YOU ARE AT:Archived ArticlesEQUIPMENT DONATED TO SECRET SERVICE TO BATTLE FRAUD

EQUIPMENT DONATED TO SECRET SERVICE TO BATTLE FRAUD

WASHINGTON-The Cellular Telecommunications Industry Association donated $50,000 worth of advanced telecommunications testing equipment to the U.S. Secret Service as part of an ongoing industry-government effort to crack down on wireless telephone fraud by small hackers and organized crime alike.

The high-tech gear will be used in the Secret Service’s new forensic analysis laboratory in the nation’s capital.
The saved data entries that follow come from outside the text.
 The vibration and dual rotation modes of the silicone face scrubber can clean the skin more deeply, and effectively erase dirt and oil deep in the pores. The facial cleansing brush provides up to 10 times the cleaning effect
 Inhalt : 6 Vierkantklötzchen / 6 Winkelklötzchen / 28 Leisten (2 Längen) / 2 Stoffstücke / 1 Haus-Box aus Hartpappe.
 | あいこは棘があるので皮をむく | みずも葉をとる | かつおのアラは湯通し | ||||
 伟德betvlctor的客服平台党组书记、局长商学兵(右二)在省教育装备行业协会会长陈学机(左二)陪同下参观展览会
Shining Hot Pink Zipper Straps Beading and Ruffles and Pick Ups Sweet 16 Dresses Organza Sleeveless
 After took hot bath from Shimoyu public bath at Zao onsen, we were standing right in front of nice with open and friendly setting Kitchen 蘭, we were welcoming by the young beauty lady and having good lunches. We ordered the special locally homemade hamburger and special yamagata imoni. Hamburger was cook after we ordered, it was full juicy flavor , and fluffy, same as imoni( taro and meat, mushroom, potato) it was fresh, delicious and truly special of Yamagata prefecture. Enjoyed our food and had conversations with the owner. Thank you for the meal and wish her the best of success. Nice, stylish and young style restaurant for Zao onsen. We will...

Secret Service personnel are being trained to analyze cloned phones in the field and to preserve the handsets as evidence.

Cellular fraud, whereby customers’ telephone numbers are stolen and reprogrammed into other phones, cost the industry nearly $500 million dollars last year, CTIA said. Cellular carriers, which do not charge subscribers for calls illegally made by others, must absorb the losses.
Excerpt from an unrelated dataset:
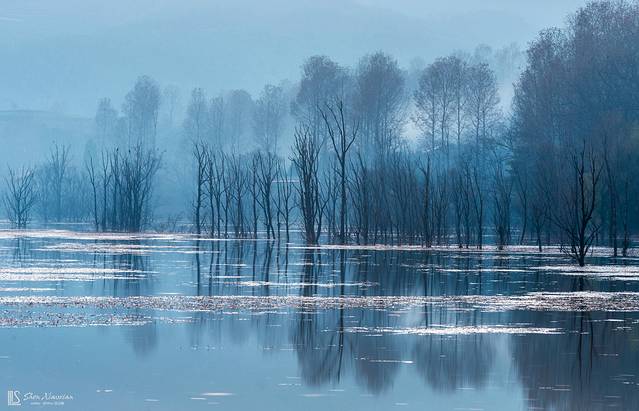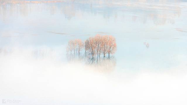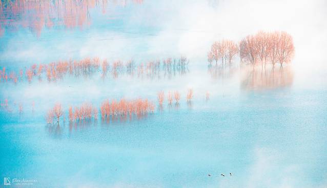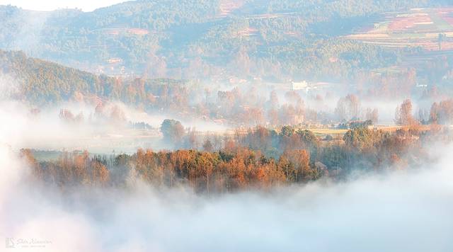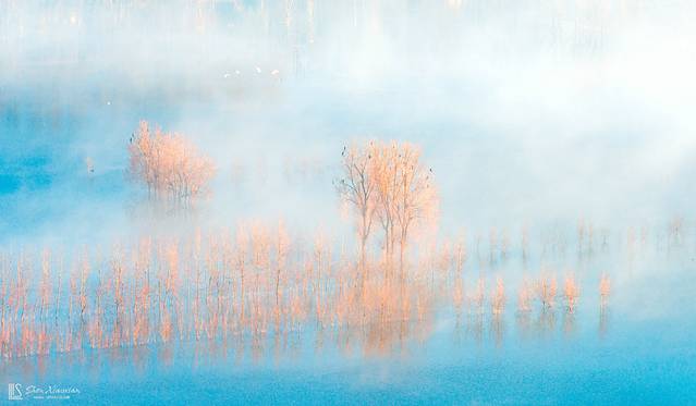 人间仙境不过也就如此吧,无论湖面还是树枝和群山,都被一层层薄雾掩映,水墨丹青画跃入眼帘,一派静谧的自然画卷展现在眼前。
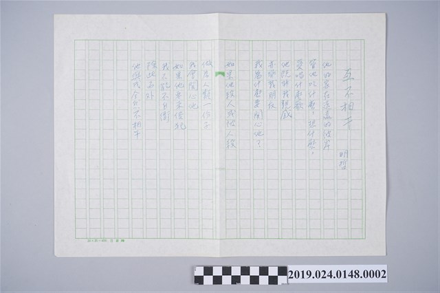 2019.024.0148.0002 柯旗化詩作〈互不相干〉複寫稿

A total of 161 cellular fraud arrests were made last year, according to the Secret Service, and almost as many in 1995 already. Most of the arrests have resulted in convictions.

A new law passed by Congress last year makes wireless fraud a federal crime, subject to up to 15 years in jail and a $250,000 fine. The Secret Service previously depended on a credit-card statute to prosecute hackers.
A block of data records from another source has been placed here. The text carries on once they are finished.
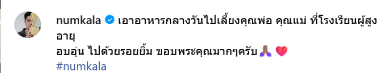 เรียกได้ว่าเมื่อช่วงที่ผ่านมามีกระแสร้อนแรงหนักมากสำหรับนักร้องดังอย่าง หนุ่ม กะลา ที่ตอนนี้ได้พัดกระแสไว้ก่อน ล่าสุดหนุ่ม กะลา ได้โพสต์ภาพทำบุญเลี้ยงอาหารผู้สูงอายุผ่านทางอินสตาแกรมส่วนตัว โดยระบุเเคปชั่นว่า เอาอาหารกลางวันไปเลี้ยงคุณพ่อ คุณแม่ ที่โรงเรียนผู้สูงอายุ อบอุ่น ไปด้วยรอยยิ้ม ขอบพระคุณมากๆครับ numkala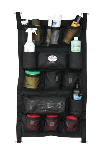 The Professionals Choice Trailer Door Caddy is the only organizer designed to accommodate both you and your horse. Durable, with both open and zipper mesh pockets to keep things organized, it includes insulated cup holders to keep your beverages cold while grooming. It easily installs securely to trailer door or stall wall with convenient mounting fasteners and adjustable hook and loop closures. Screws included. Measures 24" wide x 27" tall.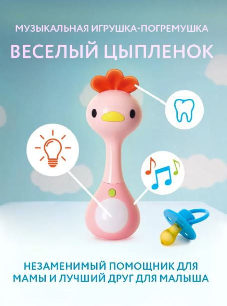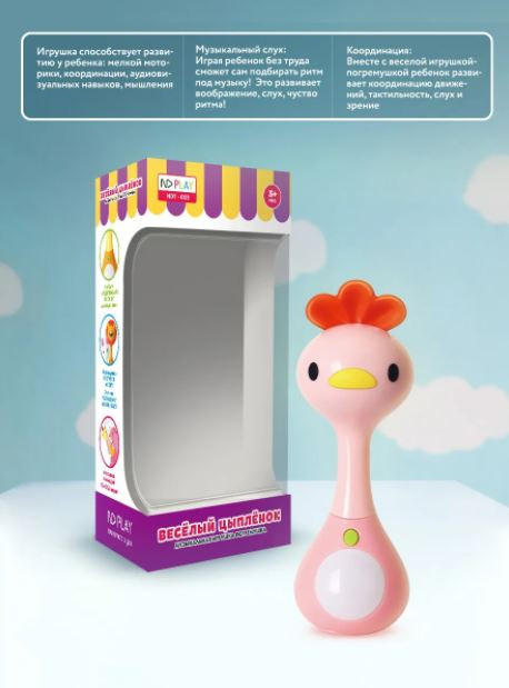 ND Play Игрушка музыкальная «Веселый Цыпленок»В данный момент этот товар отсутствует в продаже. Возможно, у нас найдется аналогичный или похожий товар здесь. Меня зовут Веселый Цыпленок, и я незаменимый помощник для мамы и лучший друг для малыша. Со мной можно не только играть. Я могу проигрывать различные мелодии и светиться в такт с музыкой. А ещё я знаю разные звуки окружающего мира. Если меня потрясти, я буду издавать различные звуки и светиться от радости. У меня волшебные ушки, сделанные из мягкого и безопасного силикона, которые можно грызть. |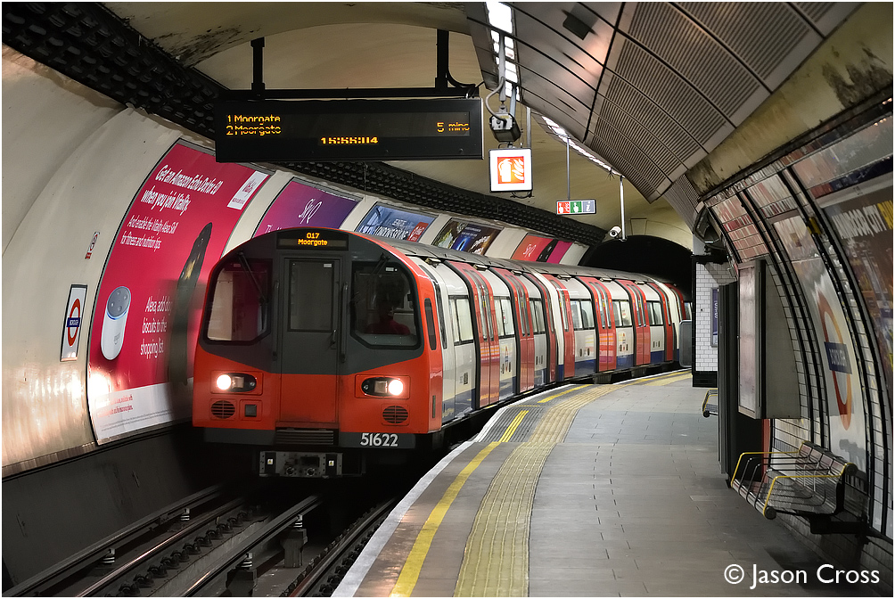 Charing Cross and Moorgate. 51622 leads a Morden to Moorgate service into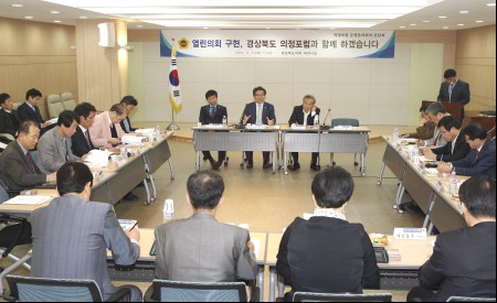 이번 회의에는 홍진규 의회운영위원장(군위), 조현일 부위원장(경산)이 참석한 가운데 경상북도의회의 2015년 주요업무계획에 대한 설명을 듣고, 의정포럼의 기능과 주요 현안사항에 대한 심도 있는 토론을 통해 도의회와 상호 소통·협력을 강화할 수 있는 계기를 마련하는데 의견을 같이 했다.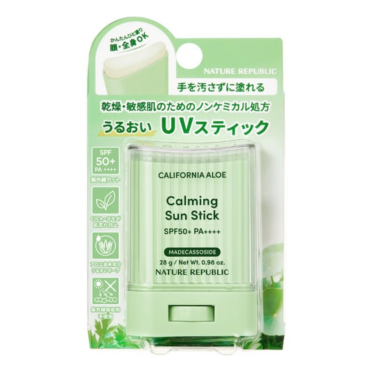 モイスチャーアロエUVスティックにはアロエベラ、CICA、ヨモギをトリプルブレンドしたネイチャーリパブリックの独自成分「マデカロエ(TM)」を配合しています。SPF50+/PA++++で紫外線から肌をガードすると同時に、うるおいを与えて肌荒れを防ぎます。さらに紫外線吸収剤不使用のマイルドな使い心地になっており、お子様や乾燥・敏感肌*にもお使いいただきやすいようこだわって開発しました。日差しを浴びてゆらぎやすくなった肌*¹をやさしく整え、うるおいで満たします。

Most of the 25 million cellular phones today use analog technology, which is more susceptible to fraud than next-generation digital technology.

“This partnership is critical if we’re going to be successful in catching and pursuing the high-tech criminal,” said Eljay Bowron, director of the Secret Service. In addition to giving it more firepower, Eljay said industry assistance better positions the Secret Service to aid state and local law enforcement officials in the fight against wireless fraud. Officials, he noted, also try to identify systemic weakness that might perpetuate illegal activity.

“Wireless fraud is a crime and wireless fraud is the enabler of other crimes,” said Thomas Wheeler, president of CTIA, citing drug trafficking as one example.